Universidades en la mira

Tomado de El Telégrafo

Juan J. Paz y Miño Cepeda, 2/11/2009

En marzo de 2005, más de 2.500 catedráticos, profesores titulares, profesores contratados, investigadores y becarios investigadores de diversas universidades de la Unión Europea difundieron el documento: “¿Qué educación superior Europea? Manifiesto de Profesores e Investigadores Universitarios”. En él puntualizan una serie de preocupaciones de la época contra la tendencia unificadora entre las universidades europeas a privilegiar las demandas del mercado y la empresa privada por sobre los criterios de profesores y estudiantes, y con menosprecio de las humanidades, la ciencia pura, las artes y hasta los estudios teóricos superiores.

Hay decenas de pronunciamientos similares, incluso, en América Latina. Todos ellos se oponen al espíritu universitario “privatizador” que se puso de moda en el mundo, que identificó a los estudiantes como “clientes” y que sujetó a las universidades a los “expertos” en gerencia y administración. Hoy se ha olvidado que las ideas del “Consenso de Washington” en economía, tuvieron su contraparte en los documentos y propuestas del Banco Mundial y de la OMC para convertir a la educación superior en un “servicio” sujeto a las condiciones del mercado y a las demandas empresariales.

Lo que ocurría en el Ecuador era aún más dramático. Durante las décadas de los ochenta y noventa del pasado siglo, el “modelo empresarial” condujo a un mayor deterioro de la educación pública, a la proliferación de universidades privadas, la “feria” de postgrados de todo tipo y, sobre todo, al abandono creciente de la investigación académica y científica.
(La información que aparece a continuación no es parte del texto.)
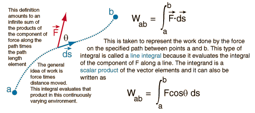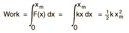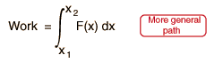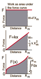 The basic work relationship W=Fx is a special case which applies only to constant force along a straight line. That relationship gives the area of the rectangle shown, where the force F is ploted as a function of distance. In the more general case of a force which changes with distance, the work may still be calculated as the area under the curve. For example, for the work done to stretch a spring, the area under the curve can be readily determined as the area of the triangle. The power of calculus can also be applied since the integral of the force over the distance range is equal to the area under the force curve:

Lo prueban los informes del CONESUP. De manera que la universidad ecuatoriana se volvió, con excepciones que apenas pueden contarse con los dedos, en meras instituciones de docencia, en las que interesaban las “clases” y el uso “eficaz” del recurso profesores (frecuentemente mal remunerados), con quince, veinte o más horas de clase semanales. En lugar de mantener los contratos de acuerdo con el Código del Trabajo surgió el invento de los contratos de servicios sujetos al Código Civil, con una escandalosa burla de los derechos laborales. Se llegó al colmo de que algunas universidades o facultades cifraban su “calidad” en la obtención de certificados ISO.

El daño de la “administración neoliberal” para la universidad ecuatoriana solo ahora empieza a dimensionarse. Y se hace evidente la necesidad de un cambio radical para tratar de recuperar viejos principios: la excelencia científica y académica constituyen los parámetros de la calidad de los profesores y, sin duda, de la misma universidad; la investigación y no la simple docencia es el centro de la actividad universitaria; el rigor en el trabajo y el esfuerzo estudiantil son la base de su formación; no son el mercado ni la empresa privada los que orientan a la universidad sino las necesidades del desarrollo social nacional; el Estado tiene un principio regulador sobre la educación. Estos debieran ser los temas del debate, si se quiere superar el pasado inmediato y lograr universidades comparables con las de Europa, los EE.UU. u otros países latinoamericanos.